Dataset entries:
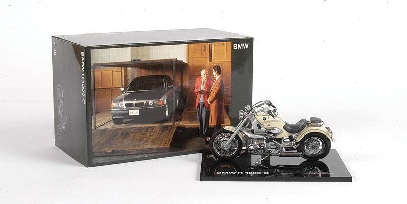 LIMITED EDITION Tomorrow Never Dies James Bond BMW R1200 C Motorcycle Cruiser (1997). 1/18 scale die-cast metal with plastic parts. Made exclusively for BMW. Features include movable front handlebars, spring suspension, fold-up rear seat, synthetic rubber tires with wire wheels, and authentic detailing. Mounted on a 3/8" black lucite base which features the Tomorrow Never Dies movie logo. Packaged in an outer box which features photos from the movie, the movie logo, and the BMW logo. Mint in mint (C-10) box. Very scarce.
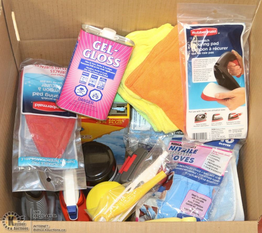 BOX OF ASSORTED HOUSEHOLD CLEANERS & ACCESSORIES
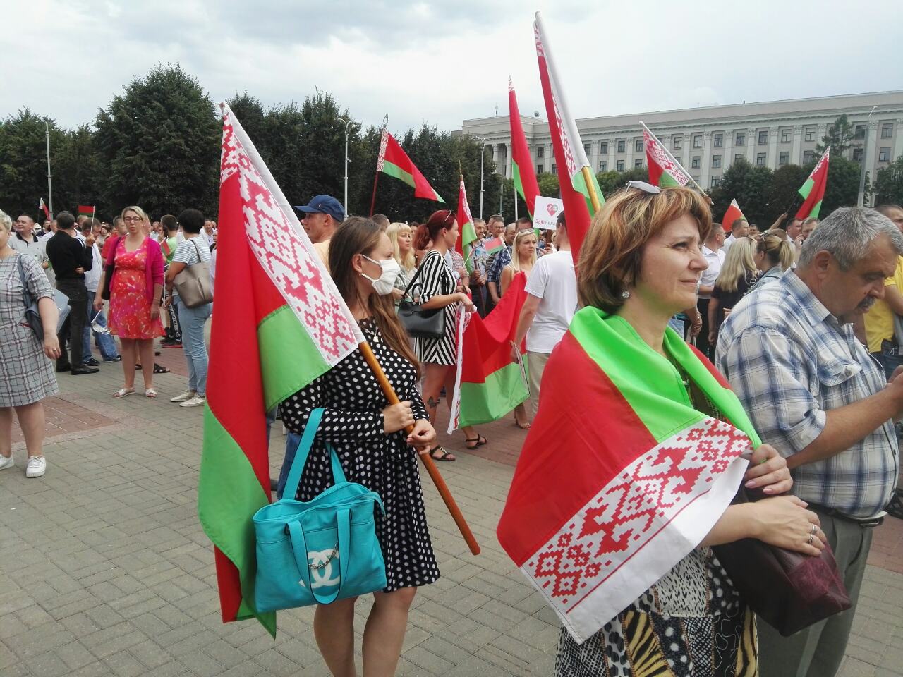 Активное участие в мероприятие приняли и работники Могилевской объединенной организационной структуры ДОСААФ. С красно-зелеными флагами они вышли на площадь, чтобы поддержать действующую власть выразить поддержку миру, безопасности и спокойствию в Беларуси.
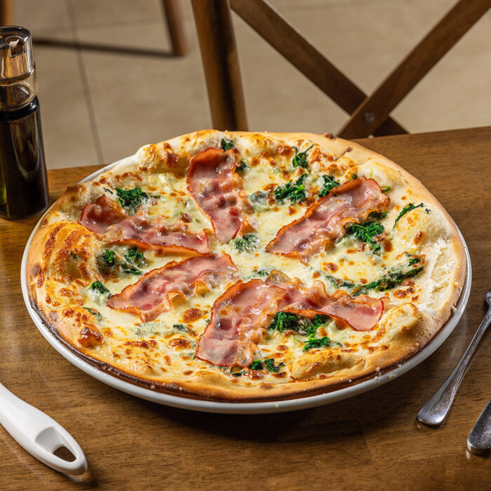 smotanová salsa,mozzarella syr, slanina, špenát, cesnak 1,7,12
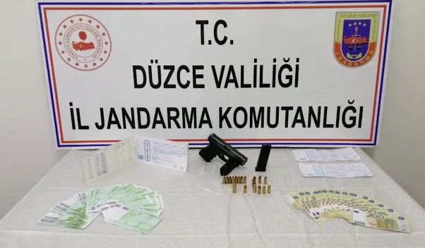 Düzce İl Jandarma Komutanlığı ekipleri gelen ihbar üzerine yağma suçu işleyen çeteye operasyon düzenlendi. İl Jandarma Komutanlığı’na bağlı ekiplerin katıldığı operasyonda çete üyelerinin iş yerlerine ve evlerinde arama yapan jandarma ekipleri, çok sayıda senet, çek ile birlikte 1 adet ruhsatsız tabanca ve 10 bin 300 Euro sahte para yakaladı.

__Exercise goal__.
Repeat the records above word for word, apart from the pictures.

__Written solution__.
 LIMITED EDITION Tomorrow Never Dies James Bond BMW R1200 C Motorcycle Cruiser (1997). 1/18 scale die-cast metal with plastic parts. Made exclusively for BMW. Features include movable front handlebars, spring suspension, fold-up rear seat, synthetic rubber tires with wire wheels, and authentic detailing. Mounted on a 3/8" black lucite base which features the Tomorrow Never Dies movie logo. Packaged in an outer box which features photos from the movie, the movie logo, and the BMW logo. Mint in mint (C-10) box. Very scarce.
 BOX OF ASSORTED HOUSEHOLD CLEANERS & ACCESSORIES
 Активное участие в мероприятие приняли и работники Могилевской объединенной организационной структуры ДОСААФ. С красно-зелеными флагами они вышли на площадь, чтобы поддержать действующую власть выразить поддержку миру, безопасности и спокойствию в Беларуси.
 smotanová salsa,mozzarella syr, slanina, špenát, cesnak 1,7,12
 Düzce İl Jandarma Komutanlığı ekipleri gelen ihbar üzerine yağma suçu işleyen çeteye operasyon düzenlendi. İl Jandarma Komutanlığı’na bağlı ekiplerin katıldığı operasyonda çete üyelerinin iş yerlerine ve evlerinde arama yapan jandarma ekipleri, çok sayıda senet, çek ile birlikte 1 adet ruhsatsız tabanca ve 10 bin 300 Euro sahte para yakaladı.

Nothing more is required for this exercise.